Our Current Workflow

As shown in the above image:

  1. The source code is managed in the CodeCommit Repository.
  2. At the time of deployment, the code is fetched from the CodeCommit repository, and then the build process triggers.
  3. During the build process, it downloads all the required packages from the Public Registry, once downloaded it creates an archive of the build artifact and deploys it to the server/lambda wherever is required.

Problem Statement

The major issue which we face here is that we do not have any control over the modules or the packages which were required to build the application and were downloaded from the public registry on the fly. This poses multifold risks as follows:

  1. The package could be no longer maintained or removed from the Public Registry.
  2. The mentioned package version is removed from the Public Registry.
  3. No control over the authenticity of publicly available packages.
  4. No process to check code quality, duplicity whenever a new package is used from Public Registry.

All this leads to either breaking the build process and if the application gets deployed succesfully, there are chances that unregulated public packages might break the application functionality in general.

Proposed Workflow (Integrating AWS Code Artifact)

In the below diagram, the major change is in the part from where we fetch the software packages.

New Proposed Workflow
  1. We decided to have our private package repository / Artifact store which will save all the required packages in a single place.
  2. With this we ensured that if the package is removed/upgraded from Public Repository the package version which we need would still be available to us in a private repository.
  3. Our Private Domain in CodeArtifact will contain only verified software packages.

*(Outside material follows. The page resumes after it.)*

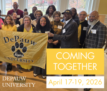 April 17 - 19, 2026: Coming Together Coming Together Weekend looks to honor the legacy of excellence, impact and dedication of a diverse community of DePauw alumni and students through relationship building, mentoring, and celebration. The event is hosted by the Tucker E. Wilson Black Alumni Association and is open to all members of the DePauw community. Registration Coming Soon |
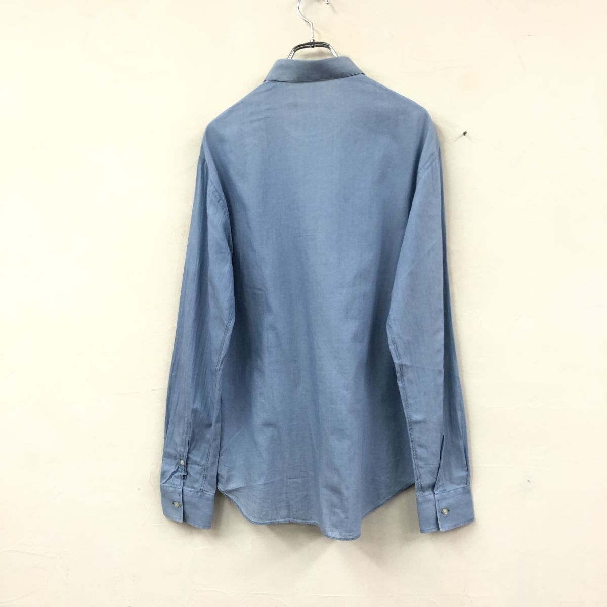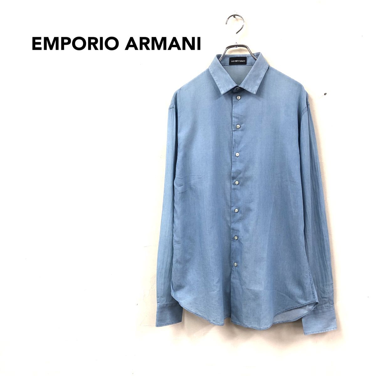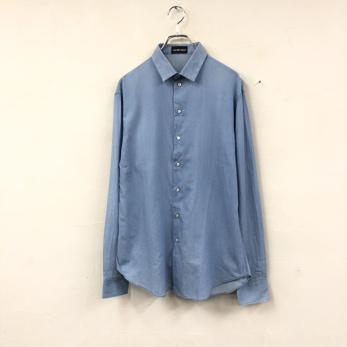2H1102-Y-N◆EMPORIO ARMANI エンポリオアルマーニ 長袖シャツ 無地 ラウンドヘム メンズ 紳士 カジュアル ◆sizeM ブルー 綿

Changes required in Current Process

We have introduced a new role called Artifact Manager who is now responsible for managing all the required packages in Private Repository with complete control. The changes would be required in the process of how we fetch and maintain our Packages and also the related deployment process. With the introduction of CodeArtifact, our process is now two-step (as mentioned below) and a package has to go through this cycle before it can become part of our repository:

Step 1: Publish packages to CodeArtifact repository.

Publishing to the Private Repository will become a responsibility of Artifact Managers who would be responsible for the authenticity, non-duplicity, and availability of the software packages in the private repositories.

Step 2: Consume private packages from CodeArtifact during deployment process.

The changes in the deployment process are summed up as below:

  • For NodeJS packages — using the Code Artifact repository as the sole package manager.
  • IAM roles to be updated such that the required resources can access the code artifact repository.